For e-mails, the ideal production is in the original e-mail electronic format itself (Outlook, etc.) with full headers and metadata. For most of my cases, the header information doesn’t matter that much — I’m usually just interested in authorship, recipients, and the date/time stamp. But in a matter such as this, where there are still serious questions about both the security and routing of said e-mails, full headers should have been produced in the disclosed e-mails. I strongly suspect that the headers are gone in the hardcopy e-mails produced by Clinton to the State Department — and I suspect the original electronic copies of those e-mails are likewise long gone.
Preservation of documents is critical
In litigation, each side is usually ordered to produce all documents responsive to a particular demand. However, in the course of that litigation, the court may order one side or the other to produce additional documents, often in response to what was found in earlier productions. These often turn out to be critical documents, yet the producing side held them back initially as not being responsive. Because of that, the standard in litigation is that each side must preserve all documents in any way related to the matter at hand, or be judged guilty of spoliation (deliberate destruction of evidence). Furthermore, this standard applies once there is even the suspicion or possibility of litigation.
If this were a litigation, the Clinton team would be in major trouble. It appears from their own admission that they and they alone determined what was responsive, and then — reading between the lines just a bit — destroyed the electronic originals of all the clintonemail.com e-mails, both those they deemed related to State Department work and those they deemed private. All metadata is gone, all headers are gone, and there is no way for the Clinton team to go back and do additional searches through the non-produced e-mails to see if any are responsive to additional requests by State or by Congress on certain topics, parties, and/or keywords.
Remember that — while Hillary may paint herself as less than technically savvy — both she and Bill are lawyers. They know how production of documents works, how preservation of evidence works.

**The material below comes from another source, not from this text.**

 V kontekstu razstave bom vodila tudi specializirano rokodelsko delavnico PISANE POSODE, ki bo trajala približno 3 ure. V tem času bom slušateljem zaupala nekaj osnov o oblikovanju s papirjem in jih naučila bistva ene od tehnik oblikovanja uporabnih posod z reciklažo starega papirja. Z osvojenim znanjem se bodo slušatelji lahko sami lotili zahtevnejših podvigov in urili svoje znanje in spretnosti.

True, they aren’t in litigation and are subject to court sanctions or findings, but they know exactly what someone on the opposing side might look for, and they took preemptive and irreversible steps to block further investigation.
Again, with nearly 16 years of reading e-mails for litigation analysis purposes, I have to conclude that the Clinton team took deliberate steps to remove information from the e-mails they did produce, to destroy any backing electronic evidence of those e-mails, and to make them as difficult to search and analyze as possible. I’ve certainly seen it in my own professional work, and I know what is typically behind it. ..bruce..
[Here are all posts related to the Clinton e-mail issue.]
 Bates-stamping of documents means putting a unique sequential numeric ID on each page produced by a given party in the litigation, so that all parties involved can consistently refer to the exact same document and given page therein.